● **WHAT NEEDS TO BE DONE**
Images do not belong in the copy. Set down all the entries exactly.

%%

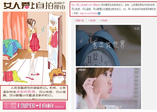 (朵唯“女人爱上自拍的100个理由”与美图秀秀手机产品推广微博)
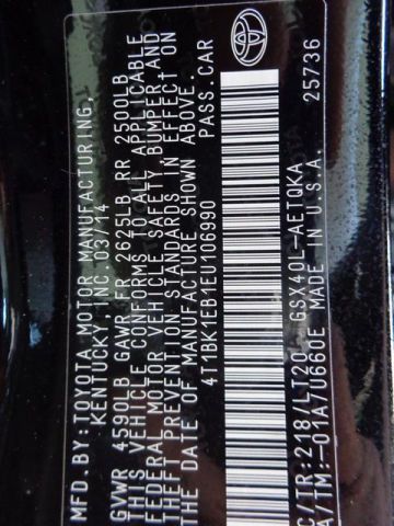 VIN (Vehicle Identification Number): 4T1BK1EB1EU106990
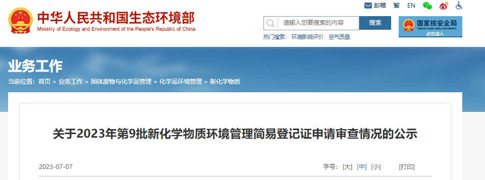 2023年7月7日,生态环境部发布了关于2023年第9批新化学物质环境管理简易登记证申请审查情况的公示,具体内容如下:
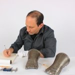 Recently, Eyal Azerad, the owner of Darksword Armory, took a first-hand examination of an authentic pair of 16th century German Gauntlets. The Gauntlets are dated from 1580-1590’s. Made of Iron. Rolled and roped edge cuffs, five slightly tapered and embossed metacarpal plates and shaped knuckle plates. Finely etched with continuous floral design on the central band and upper borders. These present one of the nicest pair of Gauntlets we have inspected in the last couple of years.
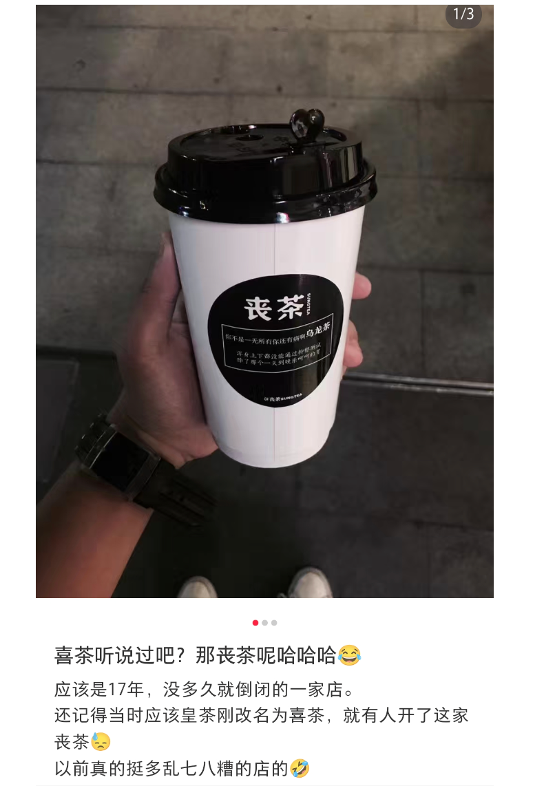 喜茶并非首個嘗試“負能量營銷”的茶飲品牌。早在2017年,一家名為“喪茶”的奶茶店就以快閃店形式在上海亮相,憑借“喪文化”一舉成名。
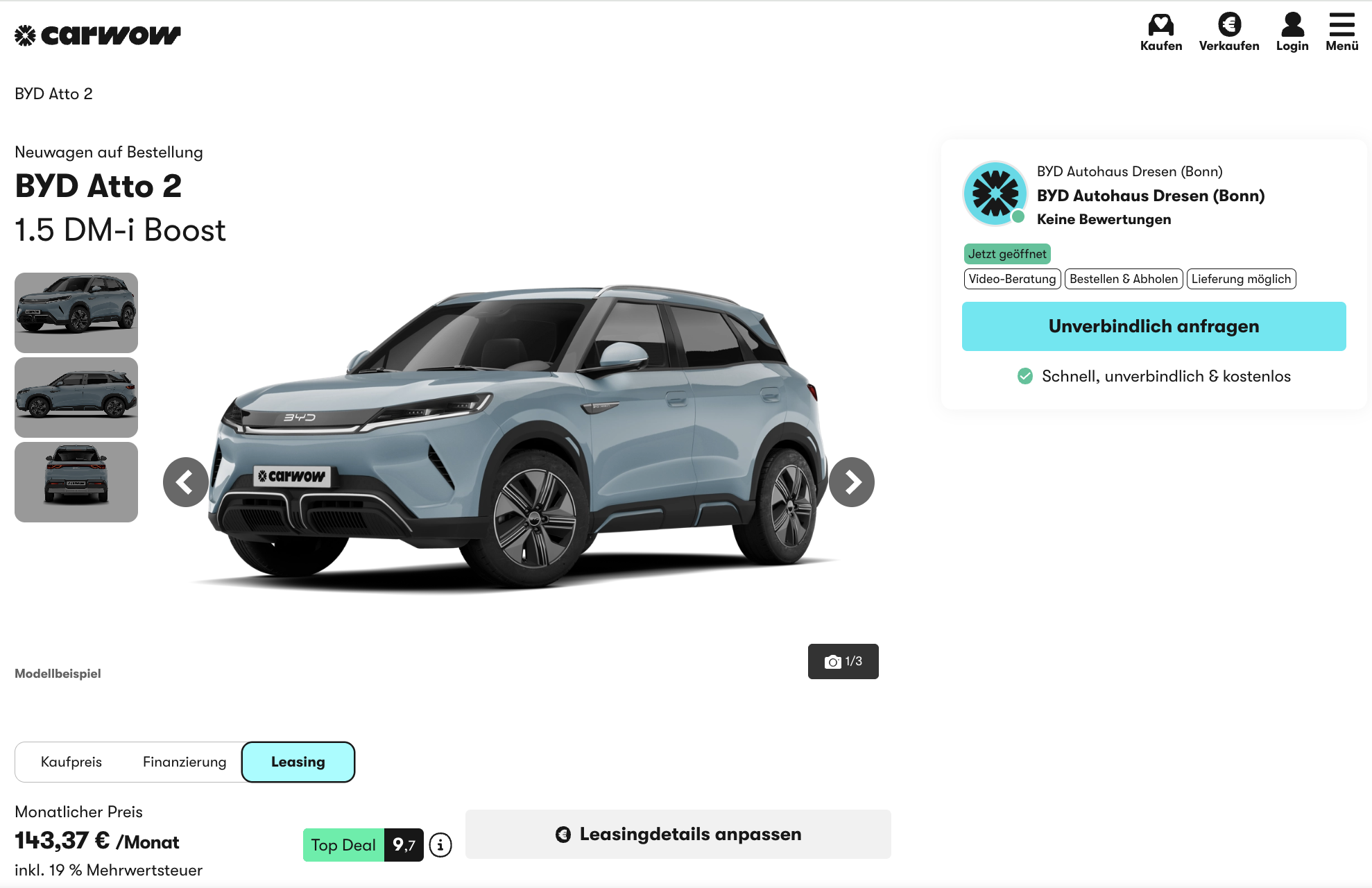 BYD zum Kampfpreis! Privatkunden können den BYD ATTO 2 1.5 DM-i Boost, ein kompaktes SUV mit moderner Hybridtechnik, bei carwow für 143,37 Euro brutto pro Monat leasen. Das attraktive Angebot beinhaltet eine Sonderzahlung von 4.000 Euro in Form der Umweltprämie, die den Einstieg deutlich erleichtert.

%%

● **OUTPUT OF THE TASK**
 (朵唯“女人爱上自拍的100个理由”与美图秀秀手机产品推广微博)
 VIN (Vehicle Identification Number): 4T1BK1EB1EU106990
 2023年7月7日,生态环境部发布了关于2023年第9批新化学物质环境管理简易登记证申请审查情况的公示,具体内容如下:
 Recently, Eyal Azerad, the owner of Darksword Armory, took a first-hand examination of an authentic pair of 16th century German Gauntlets. The Gauntlets are dated from 1580-1590’s. Made of Iron. Rolled and roped edge cuffs, five slightly tapered and embossed metacarpal plates and shaped knuckle plates. Finely etched with continuous floral design on the central band and upper borders. These present one of the nicest pair of Gauntlets we have inspected in the last couple of years.
 喜茶并非首個嘗試“負能量營銷”的茶飲品牌。早在2017年,一家名為“喪茶”的奶茶店就以快閃店形式在上海亮相,憑借“喪文化”一舉成名。
 BYD zum Kampfpreis! Privatkunden können den BYD ATTO 2 1.5 DM-i Boost, ein kompaktes SUV mit moderner Hybridtechnik, bei carwow für 143,37 Euro brutto pro Monat leasen. Das attraktive Angebot beinhaltet eine Sonderzahlung von 4.000 Euro in Form der Umweltprämie, die den Einstieg deutlich erleichtert.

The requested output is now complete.